In our lab assay, DTPA was the most effective eluent in the extraction of Fe from the soil; however, the addition of A. retroflexus aqueous extract, used as a natural chelator-like agent, effectively increased the capability for Fe extraction. This effect is probably due to the chelating compounds (e.g., organic acids, aminoacids, bioregulator-like substances, siderophores) released by the Amaranthus spp. tissues during the maceration process. Previous research performed by Matocha (Citation1984), Matocha and Pennington (Citation1982), and Mostaghimi and Matocha (Citation1988), investigated the concept of “Plant-Complexed-Fe.” These authors showed that soil-incorporated Amaranthus spp. residues mixed with a Fe inorganic salt were more effective than Fe-EDDHA in reducing Fe chlorosis and increasing plant dry matter and grain yields in sorghum plants grown on severely Fe-deficient soil. In addition, results obtained by Goos et al. (Citation2001) confirmed that when A. retroflexus tissues were mixed with FeSO4 and incubated in an alkaline soil, Fe solubility increased more than that with FeSO4 or pigweed alone. This effect appeared to be fairly persistent, (up to 4 weeks), suggesting that the increased availability of complexed Fe in the soil volume colonized by roots may contribute to Fe uptake. Although the ability of the vegetal extract to solubilize Fe in the soil was relatively low, it should be considered that fruit trees have low Fe requirements. For instance, Abadía et al. (Citation2004) reported that Fe requirements in mature peach trees range between 1 and 2 g of Fe per tree per year. For kiwifruit, total removal of Fe in fruits was estimated around 160 g ha−1 for a fruit load of 30 t ha−1, and for several flesh fruit crops, Fe removals ranged between 1 and 10 g t−1 of harvested yield (Tagliavini et al. Citation2000b). Thus, even low but constant amounts of soluble Fe in the rhizosphere can fulfil plant needs.
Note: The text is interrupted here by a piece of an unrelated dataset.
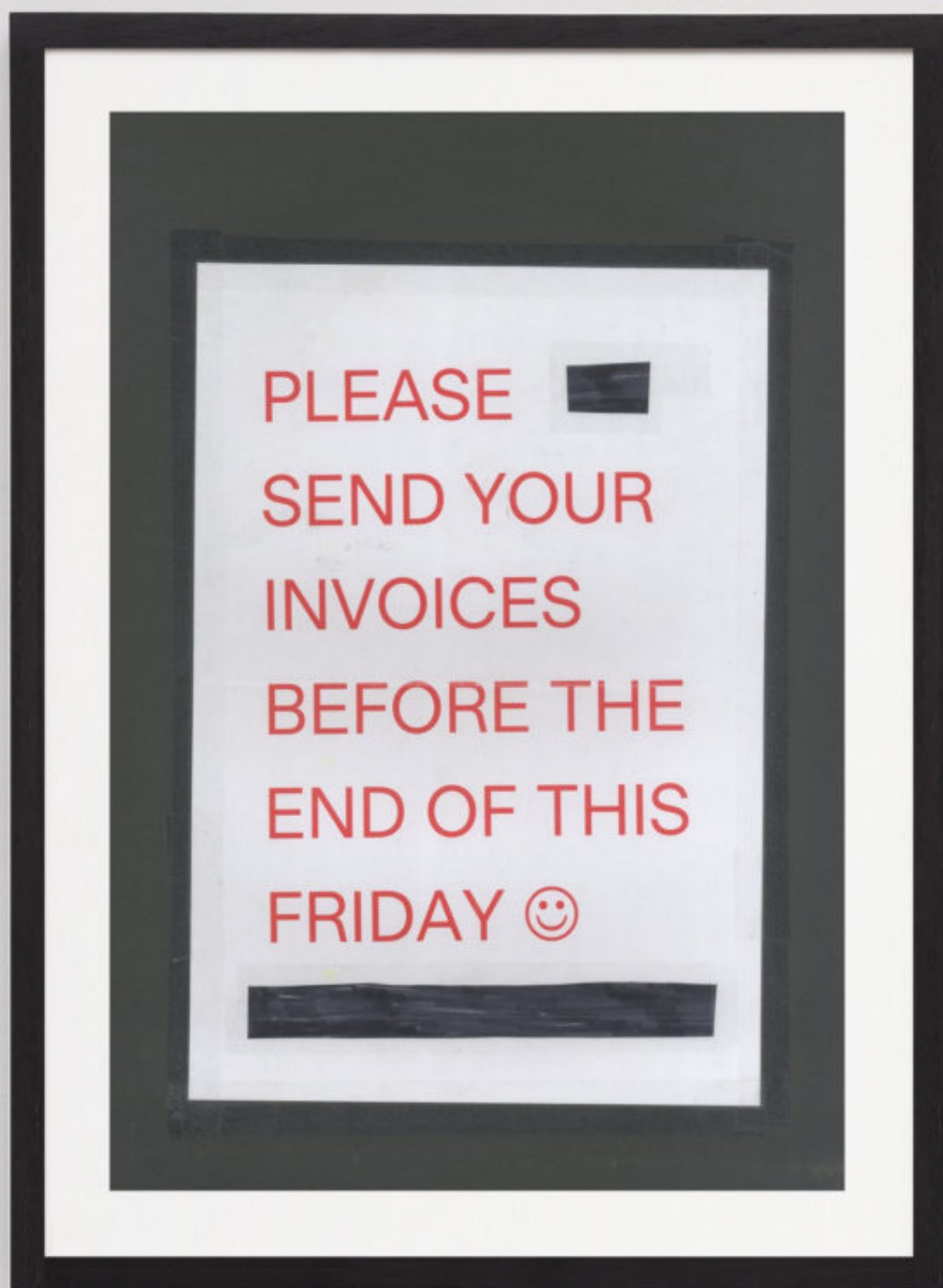
Nicholas Cheveldave, Untitled (2019).

Who: Cheveldave's collages deal with information taken

On the other hand, the rate of Fe applied with the A. retroflexus tissues (total of 22.7 mg Fe plant−1 in 2 years in the case of the extract HR) is quite low and the contribution to Fe soil availability was probably negligible. The effectiveness of the A. retroflexus aqueous extract was positively related to the rate of application (in potted conditions). In the same experiment, the addition of FeSO4 to the A. retroflexus aqueous extract did not improve Fe tree nutrition compared to the extract alone. We enriched the aqueous extract with an exogenous source of Fe with the aim of promoting a weak linkage between Fe and organic compounds released by plant tissues, similar to a natural chelating effect. It is possible that A. retroflexus aqueous extract solubilized enough Fe from soil to make the addition of the Fe salt irrelevant for root uptake. However, in field conditions, the effectiveness of the A. retroflexus was improved when enriched with the inorganic Fe salt, probably because the synergic effect was pronounced in soil with a limited availability of Fe (9 mg kg−1). Another explanation may be related to the soil calcium carbonate (CaCO3) concentration. In potted conditions the amount of soil CaCO3 was much higher than in field conditions and it probably contributed to insolubilize the Fe added as an inorganic source in the aqueous extract.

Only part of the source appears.